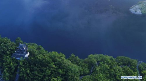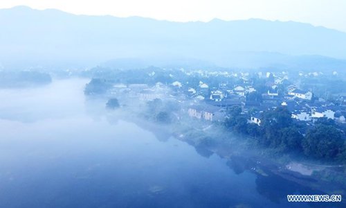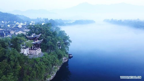 Aerial photo taken on Aug. 15, 2019 shows a view of Huaixian Pavilion in Taohuatan scenic area, Jingxian County of Xuancheng, east China's Anhui Province.(Photo: Xinhua)
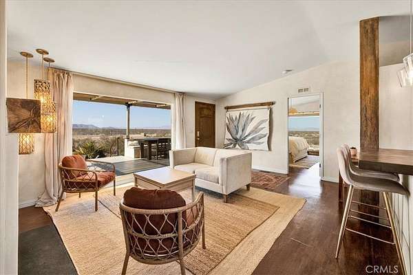 Charm is an understatement. Tucked away on 2 private acres in North Joshua Tree, this fully renovated home offers the perfect blend of style, comfort, and desert seclusion. Surrounded by a complete fence line, the property is designed with magazine-worthy taste and a Santa Barbara-inspired "smooth stucco" finish that immediately sets it apart.
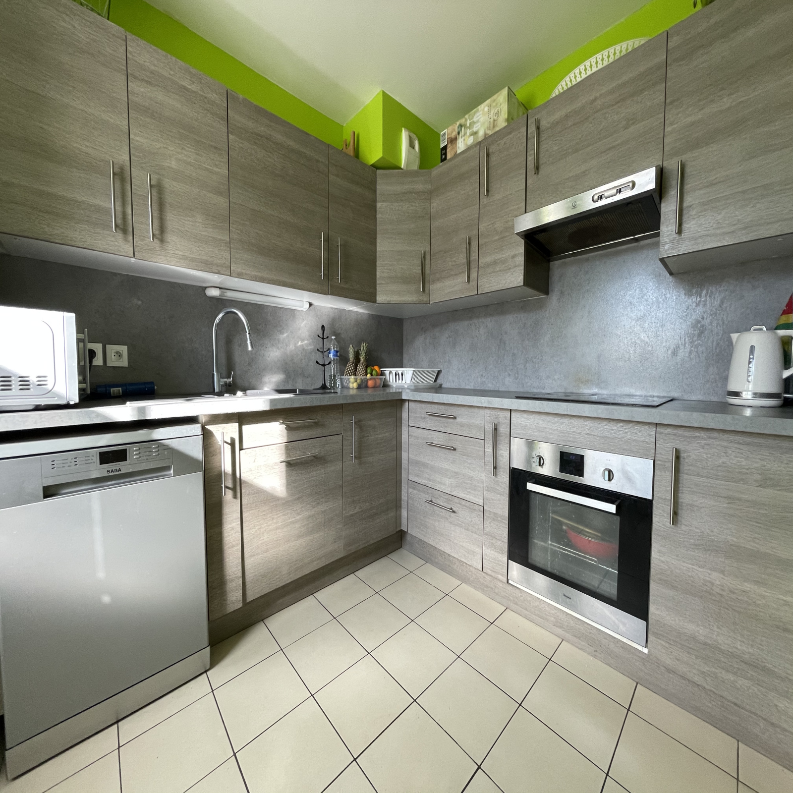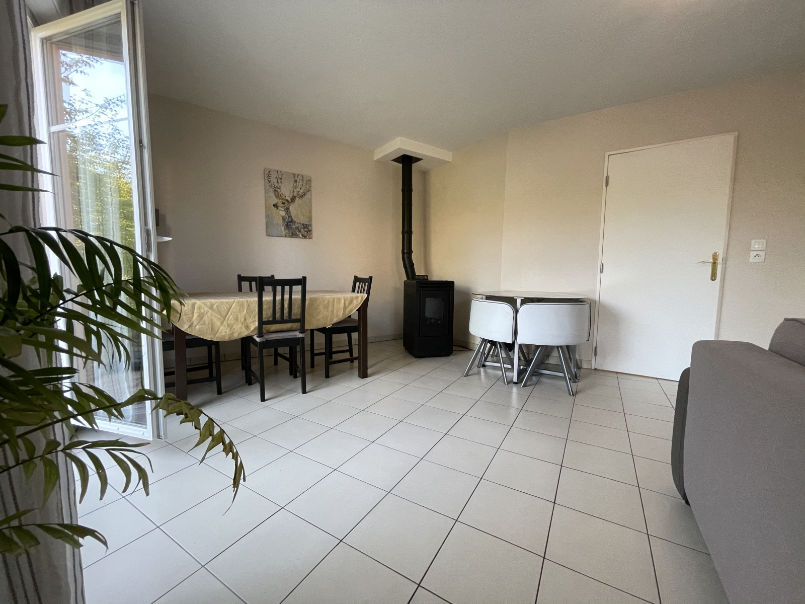 ELLE SE COMPOSE, AU REZ-DE-CHAUSSÉE : D'UNE ENTRÉE AVEC PLACARD, D'UNE CUISINE ÉQUIPÉE, D'UNE SALLE D'EAU AVEC WC, D'UN ESPACE BUANDERIE, ET D'UN SÉJOUR AVEC POÊLE À GRANULÉS ET ACCÈS TERRASSE.
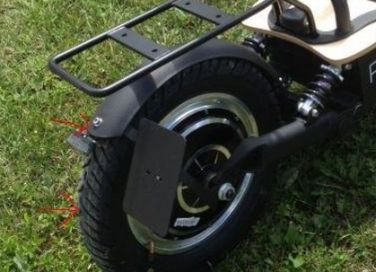 Auf dem Foto habe ich mit zwei roten Pfeilen markiert, wie es ist (obere Pfeil) und wie es sein sollte (unterer Pfeil). Meine Empfehlungen, nicht nur an die Firma Eneway, sondern an alle Zweiradhersteller, ist, hier nicht mit dem klitzekleinen Kostenmehraufwand für ein bisschen Blech zu geizen.
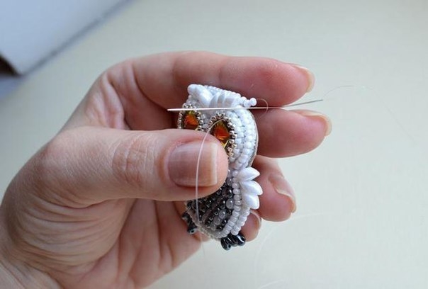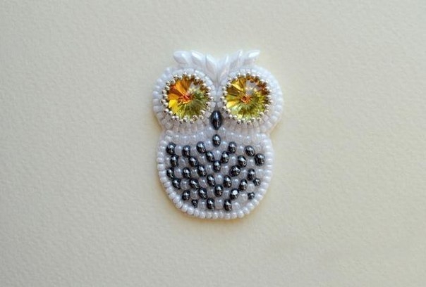 Детальные шаги, как вышить брошь Полярная сова из бисера
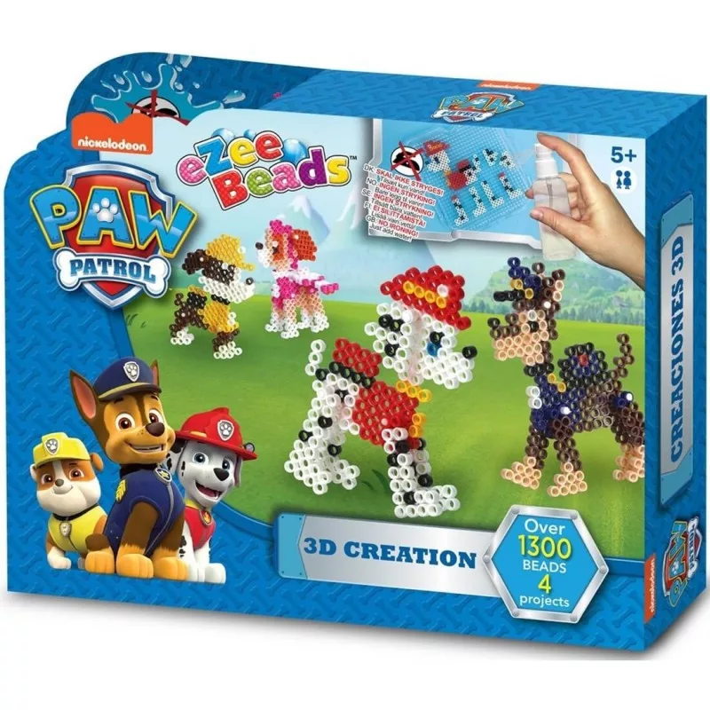 Ezzel a gyöngykirakóval a gyermekek könnyedén készíthetnek színes gyöngy figurákat a Mancs Őrjárat kutyák hőseivel. A készlet 1300 darab gyöngyöt és négy különböző mintát tartalmaz. A kirakott minták 3D –s hatást keltenek, így a gyermekeket még jobban lefogják nyűgözni. A gyöngyök egybeállításához nincs szükséged vasalóra, elég őket vízzel lepermetezni, majd azok összeolvadnak. Ennek köszönhetően az elkészítése teljesen biztonságos.
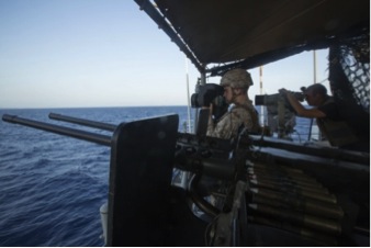 150428-M-YH418-055: STRAIT OF BAB AL-MANDEB (April 28, 2015) - Corporal Michael Connell, left, an anti-tank missileman with Weapons Company, Battalion Landing Team 3rd Battalion, 6th Marine Regiment, 24th Marine Expeditionary Unit, and Mineman 2nd Class Jared Williamson observe ships and terrain as part of a joint small caliber action team during a transit through the Strait of Bab al-Mandeb aboard the USS Sentry (MCM 3), April 28, 2015. The 24th MEU provided additional SCAT capabilities to the USS Sentry during the transit. The 24th MEU is embarked on the ships of the Iwo Jima Amphibious Ready Group and is deployed to maintain regional security in the U.S. 5th Fleet Area of operations. (U.S. Marine Corps photo by Cpl. Todd F. Michalek/Released)
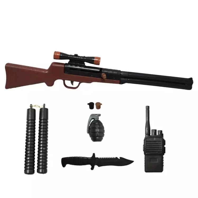 اسباب بازی تفنگ دولول شکاری یک اسباب بازی ساخته شده از جنس پلاستیک ، و کاملا بی خطر است. این تفنگ طول تقریبی 72 سانتی متر داشته و دارای لوازم همراهی همچون یک عدد تفنگ دو لول همراه با بی سیم، نانچیکو، نارنجک، چاقو میباشد . این تفنگ اسباب بازی برای کودکان علاقه مند به بازی های مهیج پلیسی علاقه دارند مناسب میباشد.

◇ ◇ ◇ ◇ ◇ ◇ ◇

Task to carry out:
All lines from the start of the entries above through the line containing "Детальные шаги, как" are to be given again exactly; the pictures are not.

Problem solution:
 Aerial photo taken on Aug. 15, 2019 shows a view of Huaixian Pavilion in Taohuatan scenic area, Jingxian County of Xuancheng, east China's Anhui Province.(Photo: Xinhua)
 Charm is an understatement. Tucked away on 2 private acres in North Joshua Tree, this fully renovated home offers the perfect blend of style, comfort, and desert seclusion. Surrounded by a complete fence line, the property is designed with magazine-worthy taste and a Santa Barbara-inspired "smooth stucco" finish that immediately sets it apart.
 ELLE SE COMPOSE, AU REZ-DE-CHAUSSÉE : D'UNE ENTRÉE AVEC PLACARD, D'UNE CUISINE ÉQUIPÉE, D'UNE SALLE D'EAU AVEC WC, D'UN ESPACE BUANDERIE, ET D'UN SÉJOUR AVEC POÊLE À GRANULÉS ET ACCÈS TERRASSE.
 Auf dem Foto habe ich mit zwei roten Pfeilen markiert, wie es ist (obere Pfeil) und wie es sein sollte (unterer Pfeil). Meine Empfehlungen, nicht nur an die Firma Eneway, sondern an alle Zweiradhersteller, ist, hier nicht mit dem klitzekleinen Kostenmehraufwand für ein bisschen Blech zu geizen.
 Детальные шаги, как вышить брошь Полярная сова из бисера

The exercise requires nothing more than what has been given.